Directive confirmée par Jean-Michel Bonvin, porte- parole du Groupe Mutuel, dont dépend La Caisse Vaudoise, qui signale que les conditions générales d’assurances (CGA) l’ont ainsi prévu. Nul et non avenu, estime l’OFAS, puisque la loi ne dit rien à ce sujet: un assuré peut donc très bien, pour autant que les bureaux soient ouverts, apporter sa résiliation «en main propre», même le 30 novembre (ultime délai) et exiger un reçu comme preuve d’avoir agi dans les délais.
Clients défavorisés
Le Groupe Mutuel, qui regroupe 16 caisses, fait également très fort avec son site Internet: il sélectionne automatiquement la caisse du groupe la plus avantageuse en fonction de l’âge et du lieu de domicile de l’internaute, sans la désigner. La prime varie en effet selon la caisse d’origine. Ainsi, un lecteur jurassien de 1971 s’est vu proposer une prime de 117 fr. lorsqu’il disait venir d’Helsana, mais de 135 fr. s’il avouait venir de La Caisse vaudoise. Et il en va de même avec toutes les caisses du groupe...

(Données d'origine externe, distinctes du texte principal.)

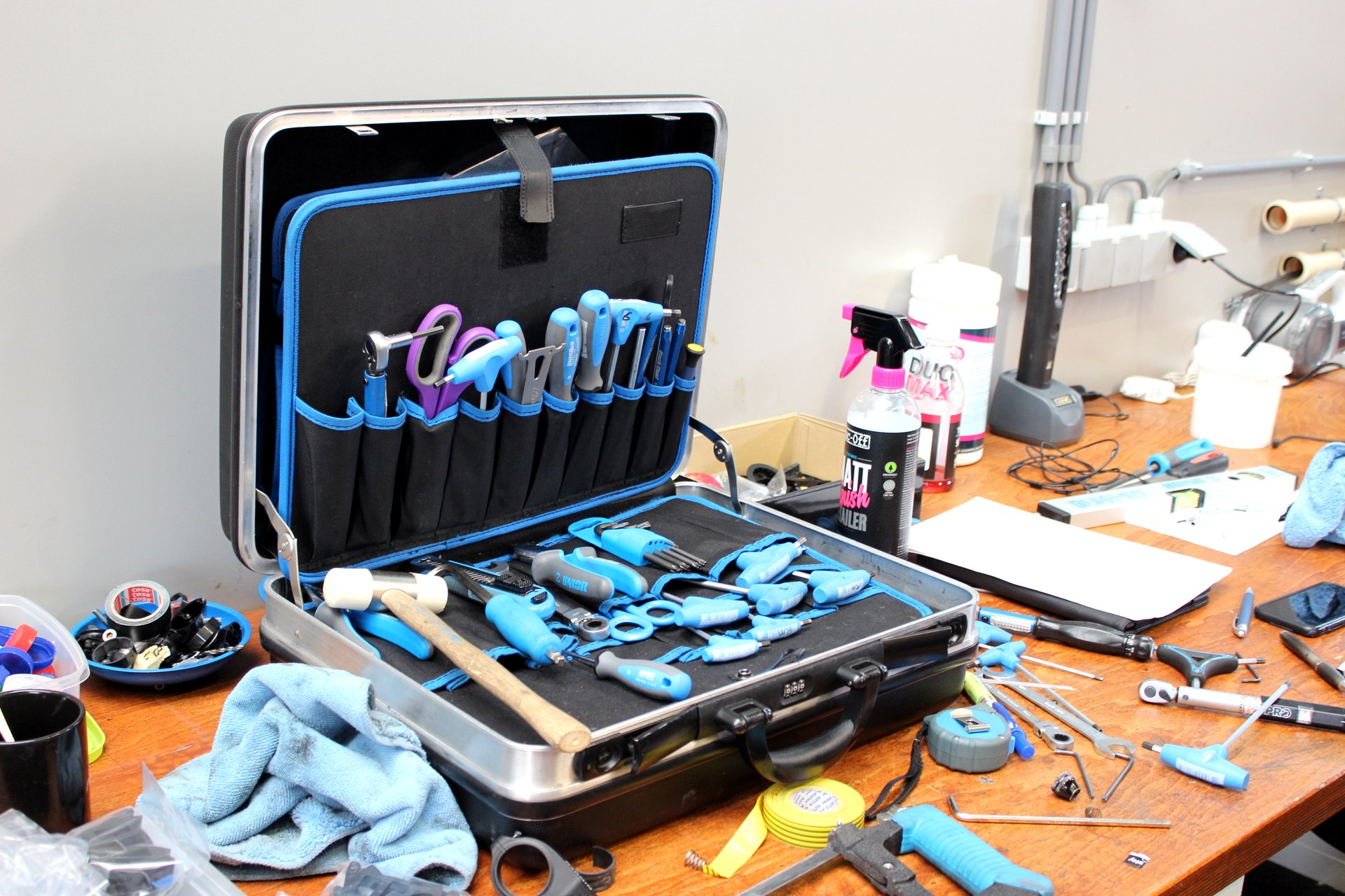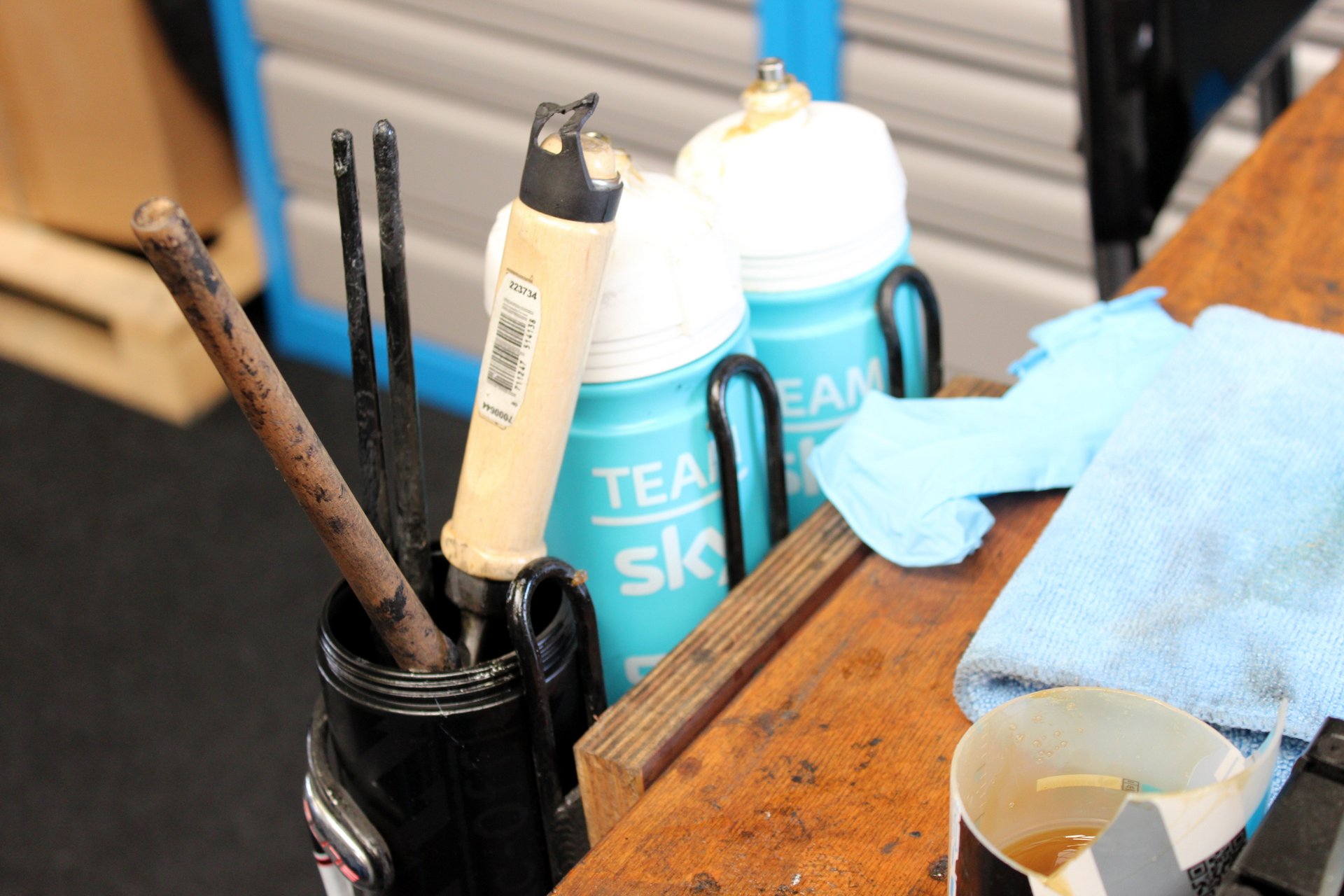 The tools of the trade. Team Sky's mechanics use Unior tools to work their magic, while cleaning and maintenance products are provided by British brand Muc-Off.

«C’est la politique de la maison, explique Jean-Michel Bonvin: nous laissons nos assurés là où ils sont et ne leur proposons pas de passer dans l’une de nos caisses plus avantageuses.» En d’autres termes: on fait l’effort nécessaire pour aller piquer les assurés à la concurrence, mais que ceux qui sont chez nous se contentent de ce qu’ils ont...
Trop vieux!
Surprise de Daniel Haus lorsqu’il tente de demander une offre pour l’assurance de base sur le site Internet de Progrès. Après avoir entré les informations d’usage, dont la date de naissance, le programme refuse d’afficher les primes. Motif (imprimé en rouge sur l’écran): aucune proposition ne peut être établie si l’âge dépasse 65 ans... Est-ce légal, demande notre lecteur?
Bien sûr que non, répond sans hésitation l’Office fédéral des assurances sociales (OFAS), puisque la loi interdit les réserves dues à l’âge pour l’assurance de soins obligatoire (base). Ce qui ne fait même pas sourciller Christian Beusch, porte-parole de Progrès: puisque «nous précisons que l’internaute peut nous contacter pour obtenir d’autres offres». Et si vous rétorquez qu’il s’agit alors d’une intolérable dissuasion, le représentant de Progrès semble sincèrement affligé d’un jugement aussi péremptoire!
Assurance imposée
Sylvain Mange a d’excellentes dents. Aussi son père n’a-t-il guère apprécié que Helsana ajoute, sans qu’il n’ait rien demandé, et surtout sans un mot d’information ou d’explication personnel, une police d’assurance dentaire. En bas de page, on peut lire: «Si la teneur de la police ou des avenants ne concorde pas avec les conventions intervenues,
le preneur d’assurance doit
en demander la rectification dans les 4 semaines à partir de la réception de l’acte, faute de quoi, la teneur est considérée comme acceptée.»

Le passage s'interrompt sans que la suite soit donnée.